Significant associations with DFS (Fig. 5a) and OS (Fig. 5b) were observed when stratifying bladder cancers based on their raw Ancer class I and class II neoepitope burdens (Ancer step 1 only; DFS HR = 0.69, p = 0.033 OS HR = 0.59, p < 0.001). Gradual improvements were obtained in subsequent steps of the analysis pathway, which considered comparisons with matched normal sequences (Ancer steps 1–2; DFS HR = 0.64, p = 0.007; OS HR = 0.56, p < 0.001), and other self-antigens (Ancer steps 1–3; DFS HR = 0.61, p = 0.003; OS HR = 0.52, p < 0.001). The incremental enhancement in hazard ratios suggests that the quality of neoepitopes retained after each filtering step is improved by removing sequences that do not contribute to the tumor's immunogenicity. Consequently, using all steps of the pipeline best predicted patients’ survival.
Improved neoepitope quality is associated with enhanced five-year survival prediction of bladder cancer patients
To evaluate Ancer's ability to identify long-term survivors based on their genomic data, we hypothesized that bladder cancer patients with high Ancer class I and class II neoepitope burdens (Ancer CD8hiCD4hi patients) would be more likely to survive more than five years while other patients would survive less than five years.
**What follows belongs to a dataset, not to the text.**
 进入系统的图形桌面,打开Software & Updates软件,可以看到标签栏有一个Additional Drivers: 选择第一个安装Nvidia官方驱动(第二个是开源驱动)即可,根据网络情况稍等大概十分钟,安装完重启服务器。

Predicted survival status was compared to observed overall survival for 220 BLCA patients, after removing 192 individuals lost to follow-up before the five-year mark and for which survival status could not be precisely assessed.
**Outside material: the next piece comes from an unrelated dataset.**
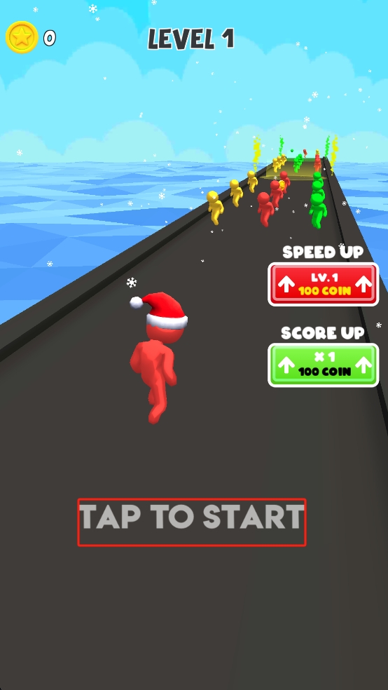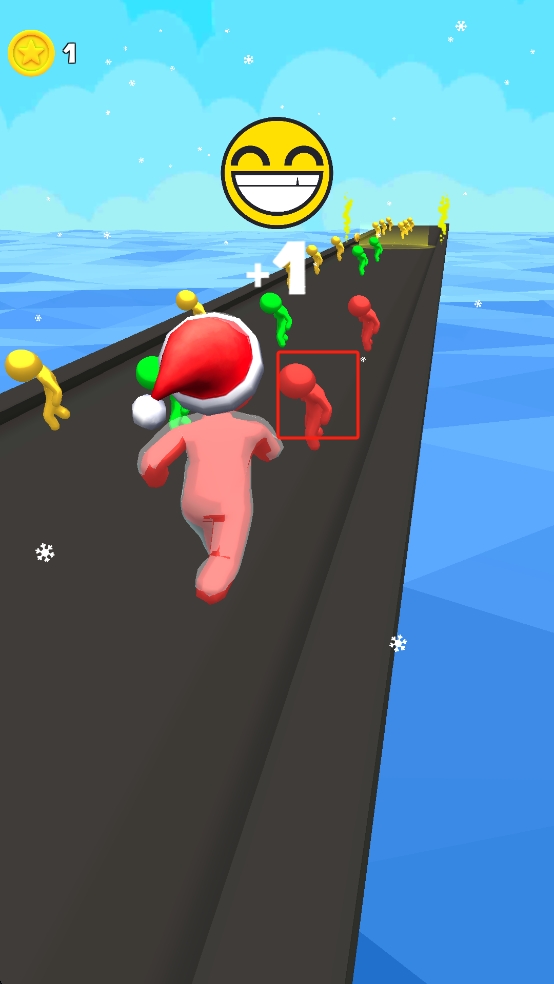 1、控制红色小人开始奔跑,在跑道上优先撞击相同颜色的小人,以此吸收他们来壮大自己的队伍,与此同时要避开不同颜色的小人,保持持续前进。

For the cohort of 220 bladder cancer patients with known five-year OS outcomes, Ancer neoepitope burden, as determined by the full Ancer pipeline, was a more accurate predictor of five-year survival (Fig. 6a, 65% accuracy) than TMB (59% accuracy) or NetMHCpan neoepitope burden (61% accuracy). The Ancer analysis also achieved higher Positive Predictive Value (PPV) and Negative Predictive Value (NPV) statistics (PPV = 34%, NPV = 88%) as compared to TMB- (PPV = 29%, NPV = 86%) or NetMHCpan-based predictors (PPV = 29%, NPV = 85%) (Fig. 6b). The elevated NPV obtained with Ancer suggests that our analysis may be better suited to identify patients at a greater risk of earlier mortality (~ 9 out of 10 correct predictions).
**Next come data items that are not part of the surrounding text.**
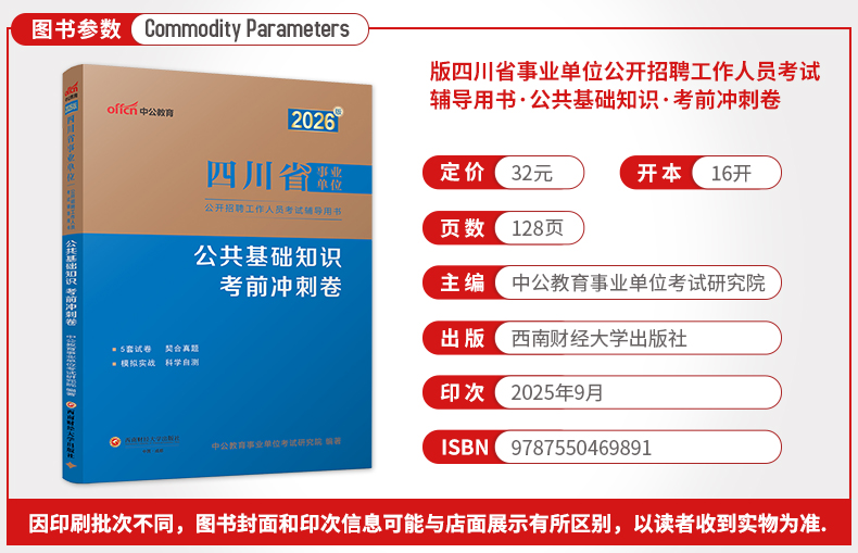 《中公版2026四川省事业单位公开招聘工作人员考试辅导用书:公共基础知识考前冲刺卷》严格依据四川省事业单位考试公共基础知识科目真题编写。本书具有以下特点: 1.针对性强。本书内含5套冲刺卷,题型题量以及考点分布均根据四川省事业单位考试公共基础知识科目的历年真题设置,是一本针对四川省事业单位考试公共基础知识科目的考前冲刺试卷。 2.题型覆盖广。本书题型覆盖广、题量丰富,考生可根据此模拟实战,获得答题经验,开阔答题思路,了解考试的重难点,提高备考效率,达到事半功倍的效果。
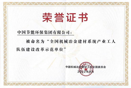 中國節(jié)能榮獲“全國機械冶金建材系統(tǒng)產(chǎn)業(yè)工人隊伍建設(shè)改革示范單位” |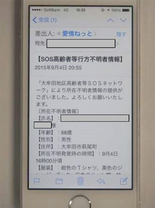 具体的にはこうだ。家族がまず、警察へ捜索願いを出す。すると、市内の役所や企業、公共機関などに捜索者の情報が配信される。その情報は市民、およそ6500人にも送られる。「愛情ねっと」と呼ばれるメール配信システムに登録しているからだ。登録者は学生から年配の方まで幅広い。実際にこのシステムで95歳の母親をみつけてもらった人はこう話す。

By isolating each of the Ancer pipeline steps in this five-year survival analysis, we confirmed the additive importance of Ancer's unique homology filters (steps 2 and 3 from Fig. 1) which demonstrated gradual improvements in PPV and NPV upon their integration into the five-year survival predictor (Fig. 6c). This result further showcases the improvement in predictive capacity that results from refinement of neoepitopes by using JanusMatrix to eliminate putatively tolerated or tolerogenic neoepitopes that may not contribute to tumor immunogenicity. Since Ancer employs more than one variable (i.e. both HLA class I and class II neoepitope burden), generating Receiver Operating Characteristic (ROC) curves was not possible. Instead we replicated our five-year survival analysis for various survival intervals, every 3 months between t = 0 and t = 14 years, and calculated PPVs and NPVs for each analysis and time interval. The resulting values were plotted to calculate AUCs for each analysis (Supplementary Fig. 1). The AUC obtained for Ancer (AUC = 0.6506) was greater than those obtained for the TMB (AUC = 0.6270) and NetMHCpan (AUC = 0.5991) analyses, again demonstrating superior classification using Ancer across a range of survival periods.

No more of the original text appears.